Today, I propose to take a step back on how to approach problems, research, or even…. Life in general?
What I am going to tell you here is common sense to me, but it took me years to adopt these few methods, and even then, sometimes I forget to use them and quickly regret it.
I will therefore present some ideas and techniques that will serve you in your studies (cuckoo math and physics that hurts!), in your work (cuckoo administration, market’, research,…), or in your passion (hello there fellow hacking challenges that take daysssss <3).
What I have, what I want, what I need in between
The name of this first point is quite explicit, a new problem? A new question? Reflex!
I take what I need to write, I mark all the information, the means at my disposal in the first place.
I mark at the bottom of the sheet (paper, word, .txt, whatever…) what I want to reach, my goal.
I mark the possible intermediate steps that can serve as a “checkpoints”, to know what has been validated or not, and through which paths one can go to access the same result.
Write everything, classify, sort, conclude
This step consists of recording each attempt, briefly, to find out what has been done or not, what may have worked or not.
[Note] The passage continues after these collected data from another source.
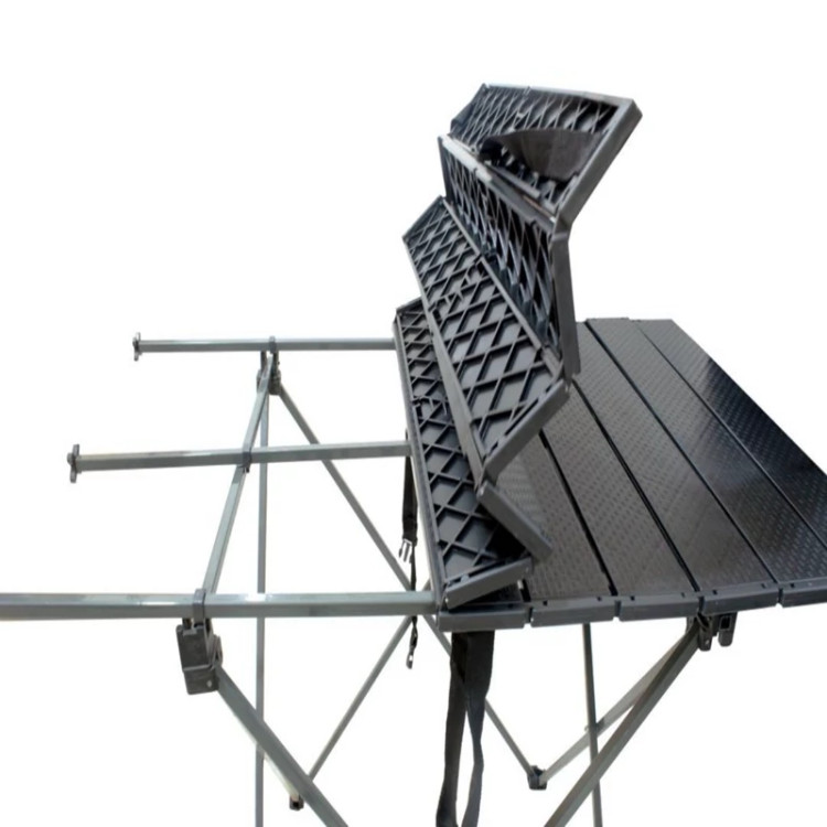 میز تاشو مسافرتی فایبرگلاس بزرگ آتروپاد مدل APD-FB، یکی از جدید ترین میز مسافرتی تولید شده توسط برند ایرانی ای پی دی بوده که بر خلاف مدل قبلی خود کمی از ابعاد بزرگتری برخوردار می باشد از همین رو بازه انتخاب مصرف کنندگان را بر اساس نیاز های خود افزایش داده است. این میز تاشو کمپینگ در واقع متشکل از سه قسمت مجزا بوده که به سادگی به یکدیگر متصل شده و قابل استفاده خواهد بود. صفحه رویی، پایه تاشو و فریم های متصل کننده صفحه رویه به پایه های تاشو، سه قسمت تشکیل دهنده این میز محسوب می شود. پایه و فریم ها تولید شده از آلیاژ فلز روکش دار ضد زنگ بوده که در برابر فرسایش و تغییر رنگ و همچنین در برابر تغییر حالت مقاوم خواهد بود. این پایه ها در قسمتی که روی زمین قرار می گیرند دارای ترمز های پلاستیکی فشرده بوده تا از لغزش و سر خوردن هنگام استفاده جلوگیری کند. همچنین صفحه رویی نیز تولید شده از جنس پلی پروپیلن با رویه طرح دار بوده از رنگ تیره بهره می برد. دو تسمه برزنتی در قسمت های کناری و دو تسمه دیگر در دو طرف دیگر میز تعبیه شده که همگی با توجه به داشتن قفل پلاستیکی استحکام این میز را افزایش می دهند. ابعاد باز شده میز تاشو برابر با 82 × 50 × 59 سانتی متر بوده در حالی که این میز در شکل جمع شده ابعاد 83 در 21 سانتی متر به خود می گیرد تا با توجه به داشتن وزنی حدود 3.7 کیلوگرم به وسیله ساک حمل مخصوص به خود به سادگی قابل حمل باشد. این ساک حمل برزنتی ضد آب بوده و دارای زیپ و دستگیره نیز می باشد.
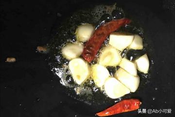 3、油锅热油,蒜瓣和干辣椒入锅翻炒,如下图所示。
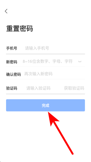 3、进入重置密码页面后,依次输入信息后点击完成,即可完成密码重置。
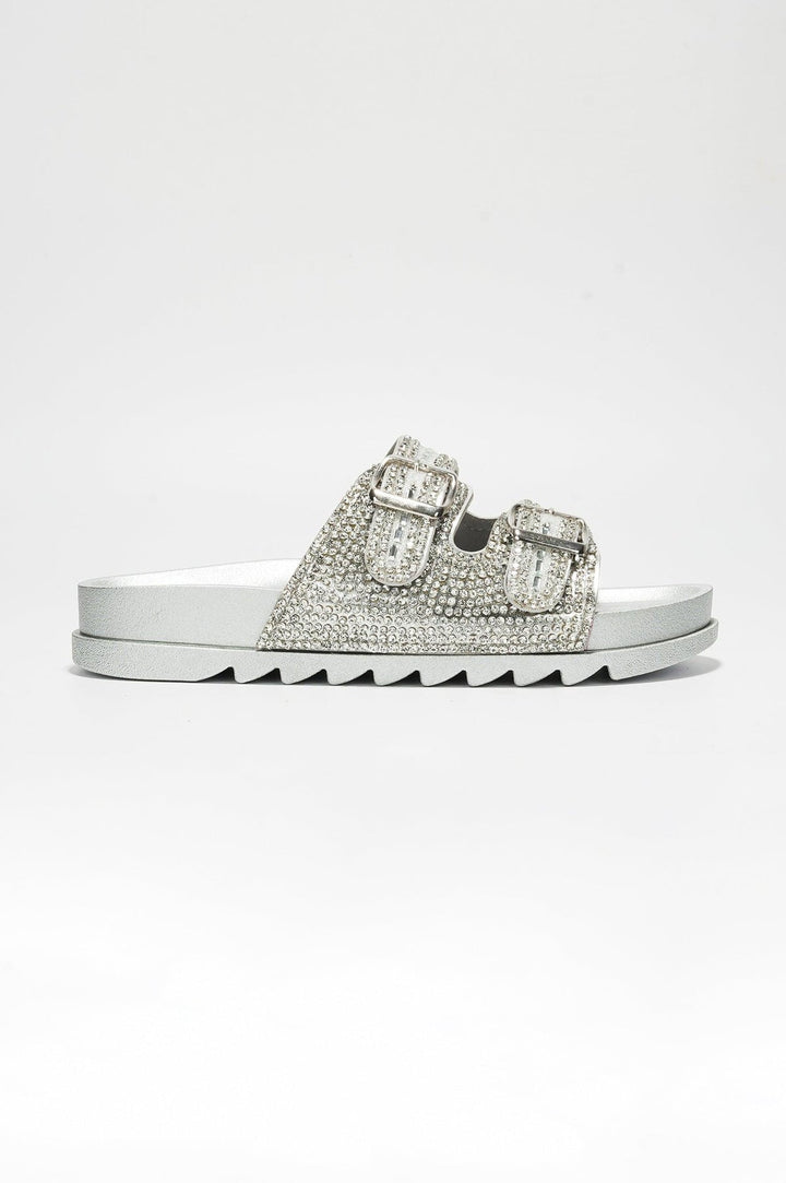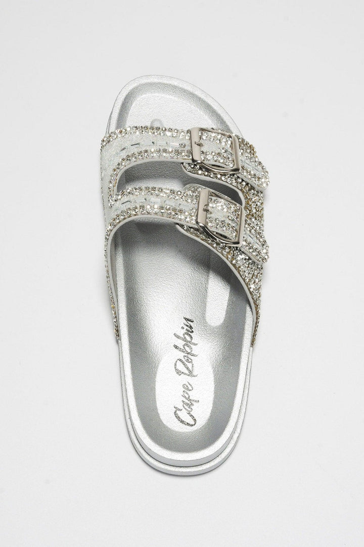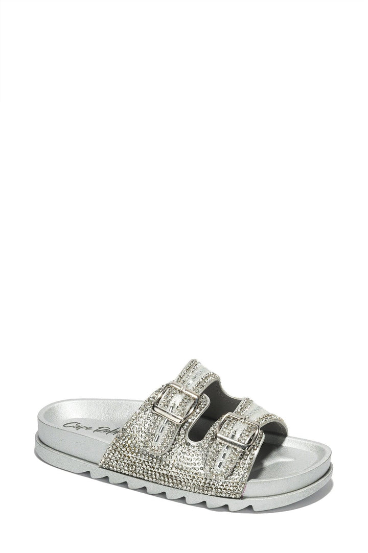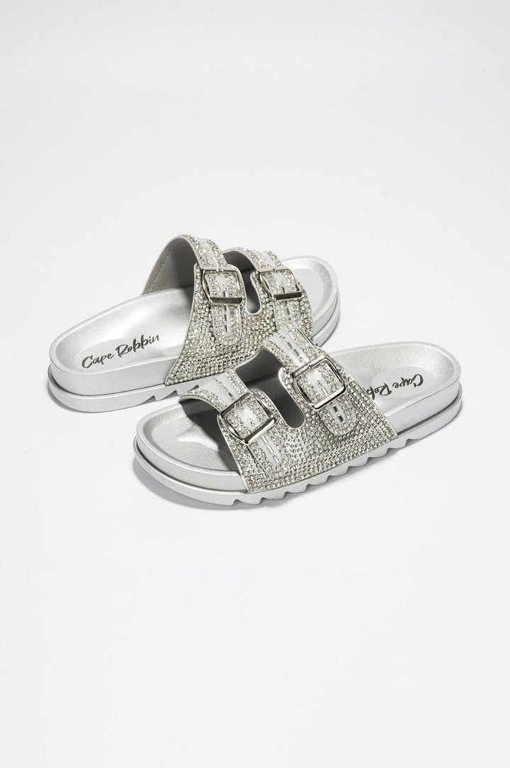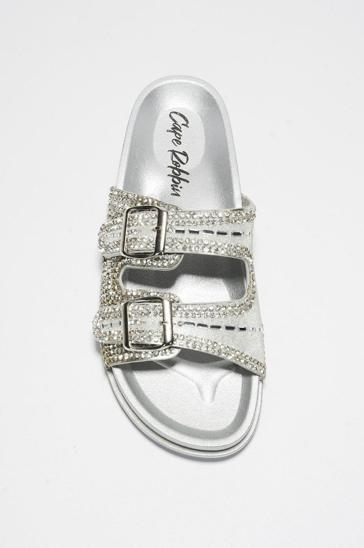 BECKY - SILVER - SANDALS by CAPE ROBBIN Heel: 0.5 inch Slip-on Contoured footbed Buckle strap Open toe The Becky Sandals are indeed a dazzling blend of style and comfort,perfect for any occasion. Pairing them with your favorite jeans and a t-shirt will create a casual yet stylish look,while dressing them up with a flowy dress will elevate your ensemble to a more elegant level. The rhinestone-embellished buckle strap adds a touch of glamour,making these sandals a versatile and fashionable choice for a variety of outfits and events.

Once this information has been collected, sort them into small groups and try to draw conclusions and generalizations, but keep every piece of relevant information.
Descend from a level of abstraction, understand, ascend
Sure ! Wait… What?
This one is a little confusing, can be explained, but it is much better understood with an example.
Let’s take maths, but kind ones, so we don’t upset anyone, okay?
I used to tutor students from college to high school, and one question that came up very often was this:
How do powers work?
I then put a simple line on the board:
x^2*x^3 = ?
“But I just want to know how it works, not to fail one more time while at the board…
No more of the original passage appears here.